#### [WHAT IS BEING ASKED]
The job is to output exactly the lines that run from the start of the entries through the line containing "ماوس ألعاب X11", pictures omitted.

#### [Records from a data collection]
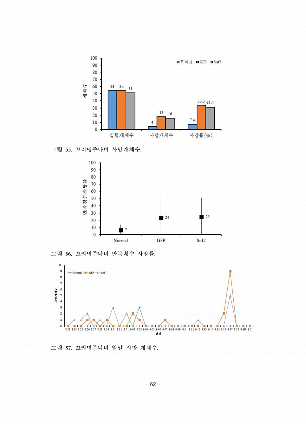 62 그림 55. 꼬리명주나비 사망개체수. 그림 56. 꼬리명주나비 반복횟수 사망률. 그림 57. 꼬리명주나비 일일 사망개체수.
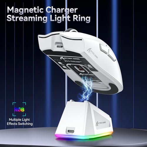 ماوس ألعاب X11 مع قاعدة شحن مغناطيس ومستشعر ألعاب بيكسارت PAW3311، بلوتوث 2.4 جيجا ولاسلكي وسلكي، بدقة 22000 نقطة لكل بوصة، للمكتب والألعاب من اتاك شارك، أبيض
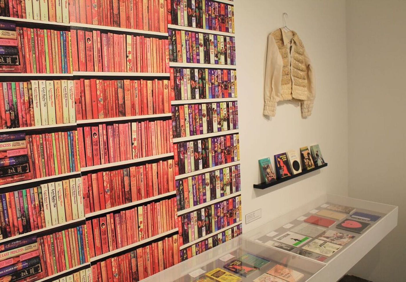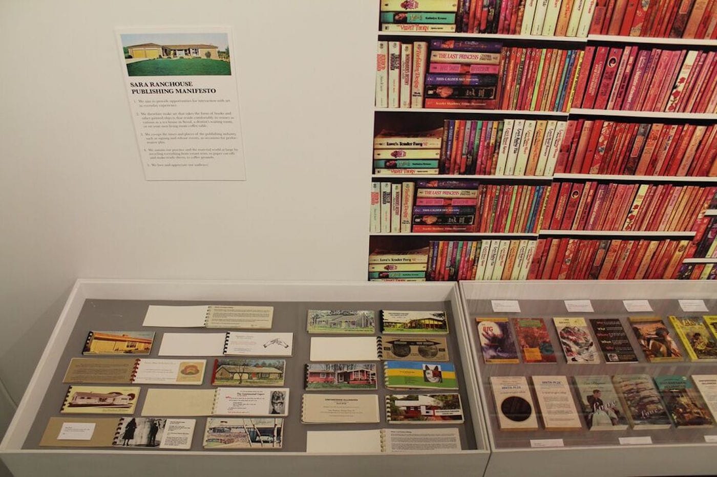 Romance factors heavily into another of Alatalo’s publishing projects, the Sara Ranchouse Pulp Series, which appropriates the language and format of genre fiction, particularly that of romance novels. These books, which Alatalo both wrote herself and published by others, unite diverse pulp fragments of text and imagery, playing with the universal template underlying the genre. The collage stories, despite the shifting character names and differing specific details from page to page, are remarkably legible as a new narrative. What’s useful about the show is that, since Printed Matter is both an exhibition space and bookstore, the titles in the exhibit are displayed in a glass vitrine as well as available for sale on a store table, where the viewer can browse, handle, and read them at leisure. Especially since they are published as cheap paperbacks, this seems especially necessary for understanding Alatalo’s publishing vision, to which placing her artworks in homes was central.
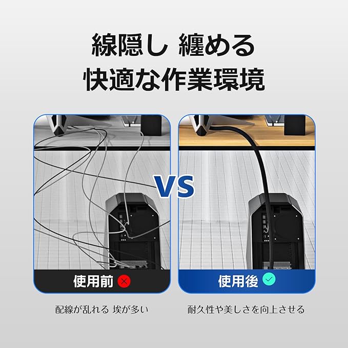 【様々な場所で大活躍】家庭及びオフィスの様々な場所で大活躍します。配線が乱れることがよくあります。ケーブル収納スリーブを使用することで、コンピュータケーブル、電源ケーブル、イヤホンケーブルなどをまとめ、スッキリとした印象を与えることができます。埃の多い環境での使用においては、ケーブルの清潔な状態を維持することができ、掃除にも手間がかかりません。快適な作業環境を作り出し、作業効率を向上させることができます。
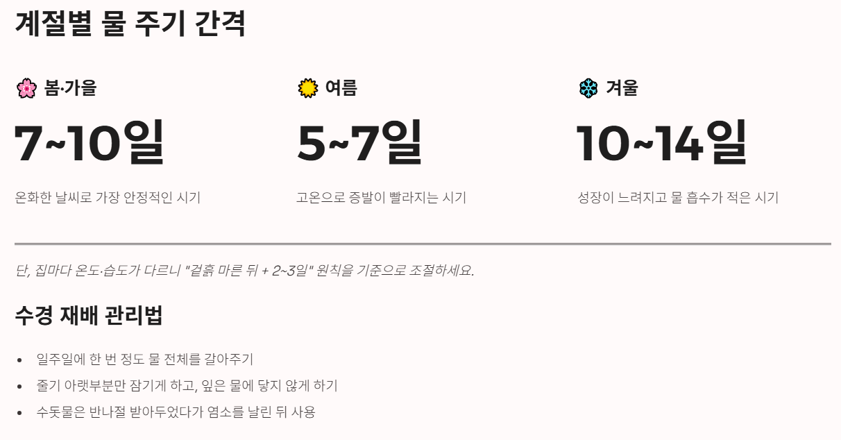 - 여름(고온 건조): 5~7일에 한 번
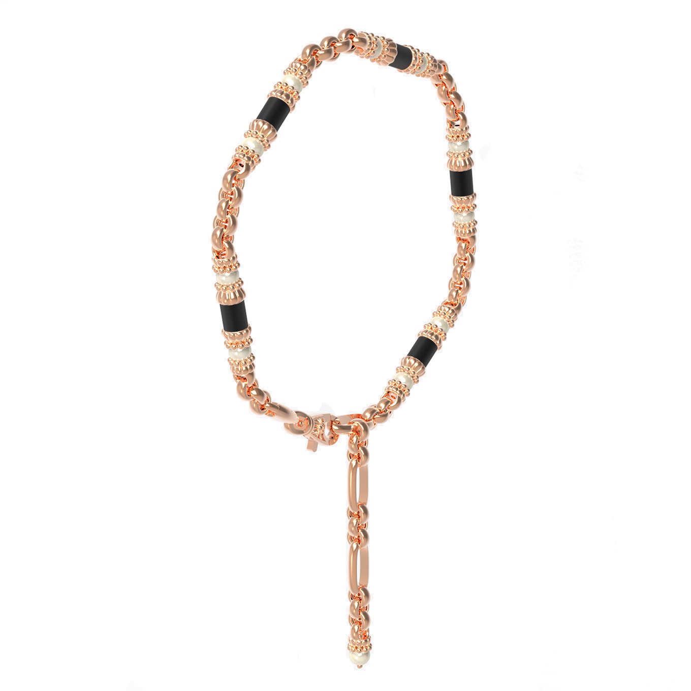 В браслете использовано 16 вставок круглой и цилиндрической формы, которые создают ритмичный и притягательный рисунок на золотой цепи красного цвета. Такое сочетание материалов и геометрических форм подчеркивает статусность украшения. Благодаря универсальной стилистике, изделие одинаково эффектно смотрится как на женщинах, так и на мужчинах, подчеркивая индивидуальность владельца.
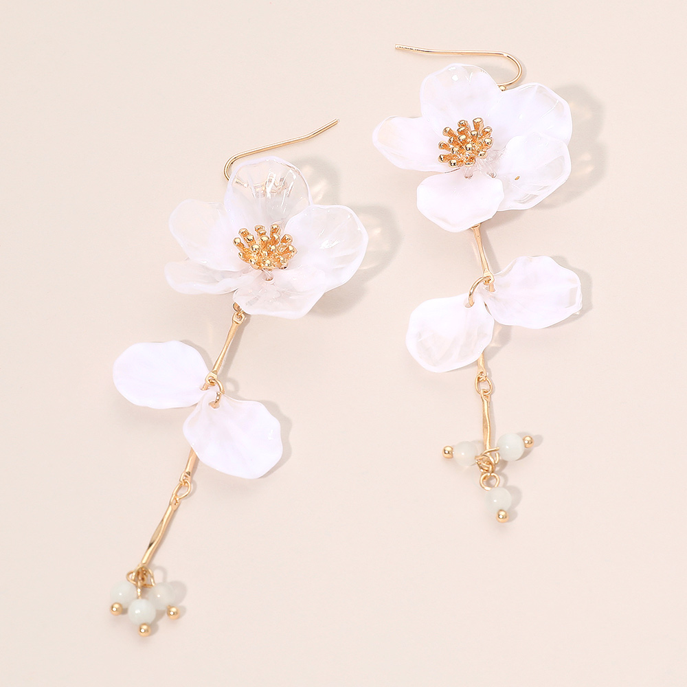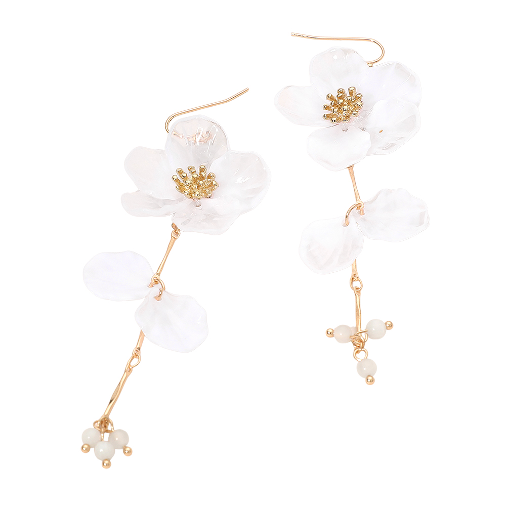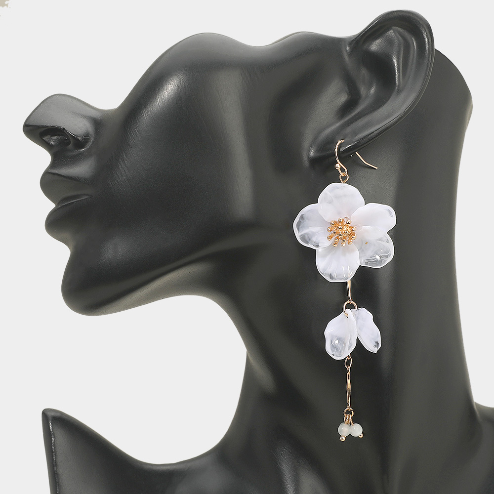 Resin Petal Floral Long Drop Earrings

#### [SOLUTION]
 62 그림 55. 꼬리명주나비 사망개체수. 그림 56. 꼬리명주나비 반복횟수 사망률. 그림 57. 꼬리명주나비 일일 사망개체수.
 ماوس ألعاب X11 مع قاعدة شحن مغناطيس ومستشعر ألعاب بيكسارت PAW3311، بلوتوث 2.4 جيجا ولاسلكي وسلكي، بدقة 22000 نقطة لكل بوصة، للمكتب والألعاب من اتاك شارك، أبيض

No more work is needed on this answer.